View From The Right: Loan waiver politics

The recent “farmers’ agitation in Madhya Pradesh and Maharashtra reveals the worst side of this politicking in the name of farmers”, according to the editorial.

Updated: June 14, 2017 12:01:01 am

Compiled by Ashutosh Bhardwaj

The editorial in Organiser comments on the ongoing “agrarian crisis”. It notes that the crisis, “looming for a long time”, is a result of the neglect of the farm sector by the Congress and regional parties. The recent “farmers’ agitation in Madhya Pradesh and Maharashtra reveals the worst side of this politicking in the name of farmers”, according to the editorial. “The core question is whether such politicised agitation and waivers without economic prudence would help the real distressed group of farmers,” it asks.

Pointing out that “the farrago of agitations in both the BJP-ruled states indicate the political intent of fuelling it,” the editorial argues that the present unrest was fueled by “anti-social elements”, some of them “closely associated with the Congress Party”. “Such politically motivated agitation will not help the farmers; on the contrary, it will open up new faultlines in rural society,” it adds.

Saying that a majority of farmers take loans from non-institutional lenders, it remarks that “loan waivers and agitations are not for the sections who are really distressed but for the groups having strong economic and political clout”. “The present government has played a key role in bringing financial inclusion through the Jan Dhan Yojna and schemes like MUDRA,” it says, underlining that “we should not
allow petty political interest to use these faultlines for political gains”.

Makover in IT sector

The cover story in Organiser says that most of the “reports” about the “shrinking” IT sector and layoffs are with an objective “to show the Modi government in a poor light”. “The reality is the global IT sector hasn’t shrunk and the demand even in North America still is on the rise,” it says, adding that the “Indian IT industry accounts for about 67 per cent of the approximately $130-billion IT sourcing business in the world”.

The layoff is not a “crisis”, but “a makeover happening in the Indian software industry” as companies are “being forced to change their business model”.

India’s domestic IT sector is “expected to grow at 8.5 per cent from the $35 billion in 2016 to $37 billion in 2017”. “With the push for Digital India, electronic manufacturing, setting up BPOs in small towns and the North-East and the continued excitement among techies for the start-up sector, the employment and entrepreneurship avenues are on the rise,” it says. “More than 1 lakh direct jobs and 3 lakh indirect jobs have been created in the last couple of years for the mobile manufacturing industry.” It is no time to “panic” but to make “better realignments” in changing times.

The terror debate

The editorial in Panchjanya is on the recent terror attacks in the month of Ramzan. Noting that “if Muslims consider this a holy (month),” the editorial asks why have “Islamic terrorists” killed more than “500 persons”?

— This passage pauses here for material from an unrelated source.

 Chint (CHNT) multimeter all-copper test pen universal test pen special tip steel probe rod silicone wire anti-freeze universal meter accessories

Over 130 Imams have issued a joint statement that they would not offer condolence prayers for the terrorists killed during the recent London attack. “It’s a good signal that that the Muslim world displayed this necessary gesture of protest,” it says. The global anger following the London attack confirmed that the situation wouldn’t remain the same. The argument that “there is no fault of Islam” cannot continue now. “Questions are being raised in the Islamic world over terrorism,” it says, noting that not just the Imams of London, major Gulf countries have severed links with Qatar.

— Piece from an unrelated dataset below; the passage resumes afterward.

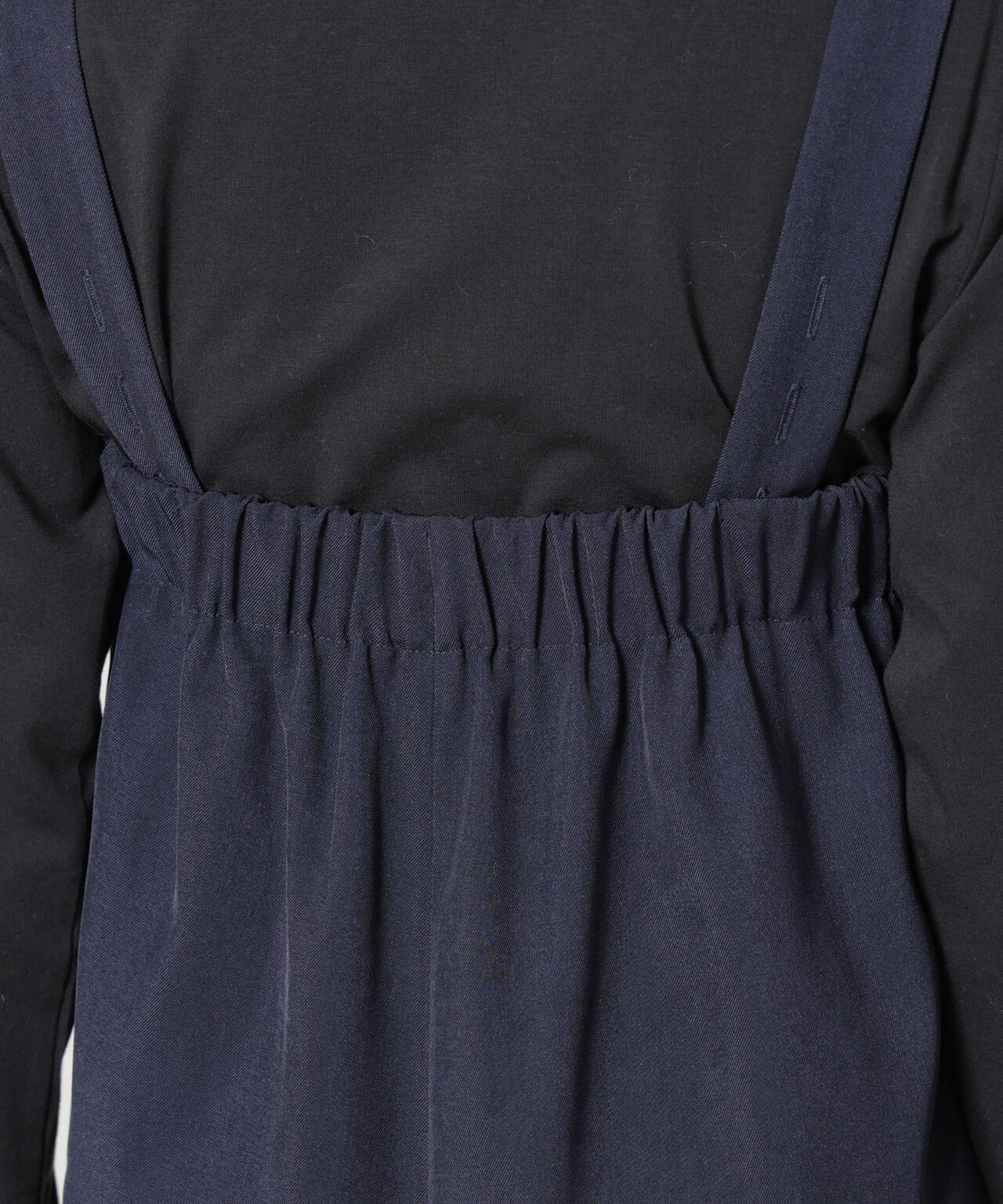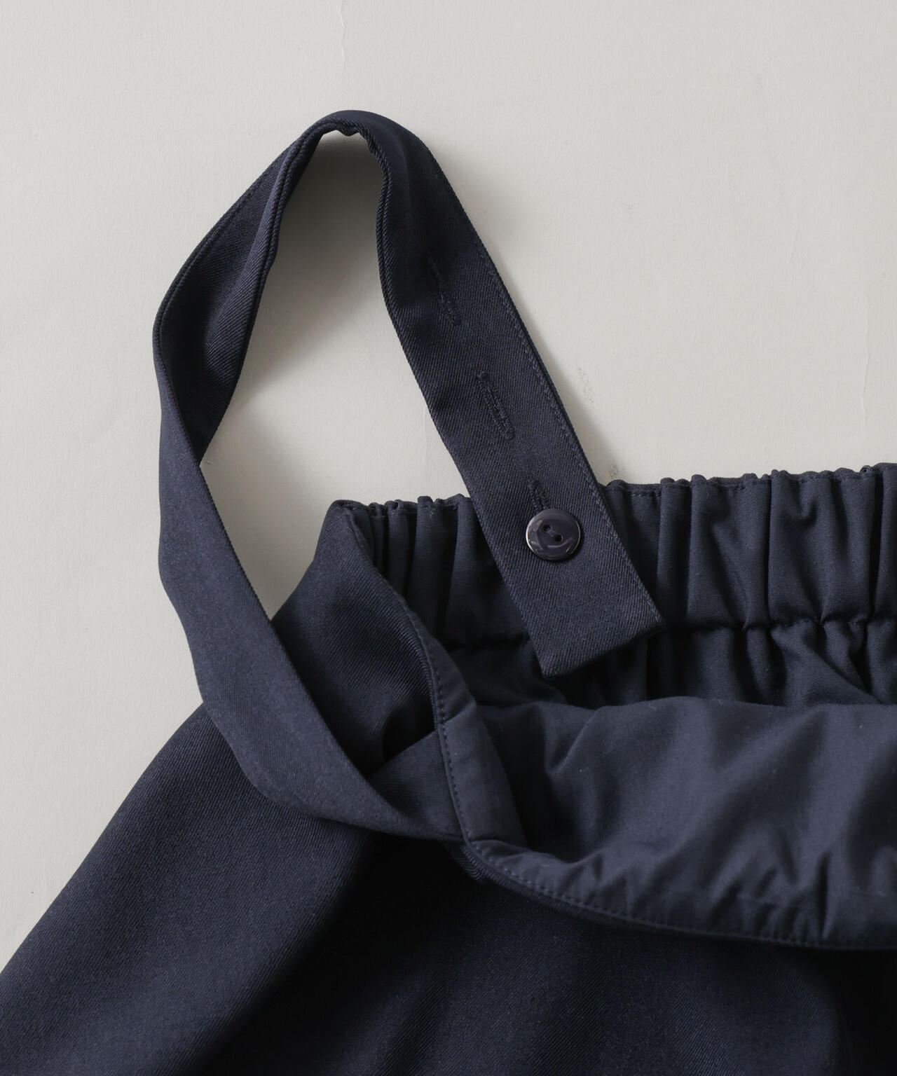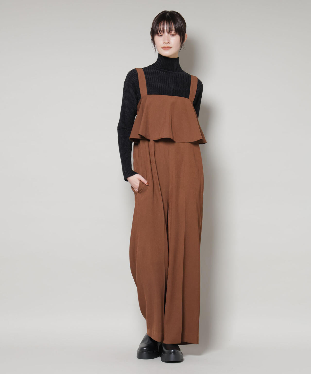 胸元のフリルデザインが女性らしいサロペットパンツ。身体のラインを拾わないややゆとりのあるシルエットで、リラックス感のある一着。インナーにリブニットやタートルトップス、上からカーディガンやジャケットを羽織ったりと、カジュアルから通勤まで幅広いスタイリングを楽しめます。

“Islamic terrorism has taken a form of a global headache now,” it notes, emphasising that in such a situation, it is wrong to expect action only from Islamic countries. “What would you gain by cornering only Qatar?” it asks, adding that “is it not true that the biggest Wahabi engine of Islamic terrorism is run by ‘Saudi sympathy’?”It criticises the step to isolate Qatar, contending that it might divert the fight against terrorism to conflicts within Islam.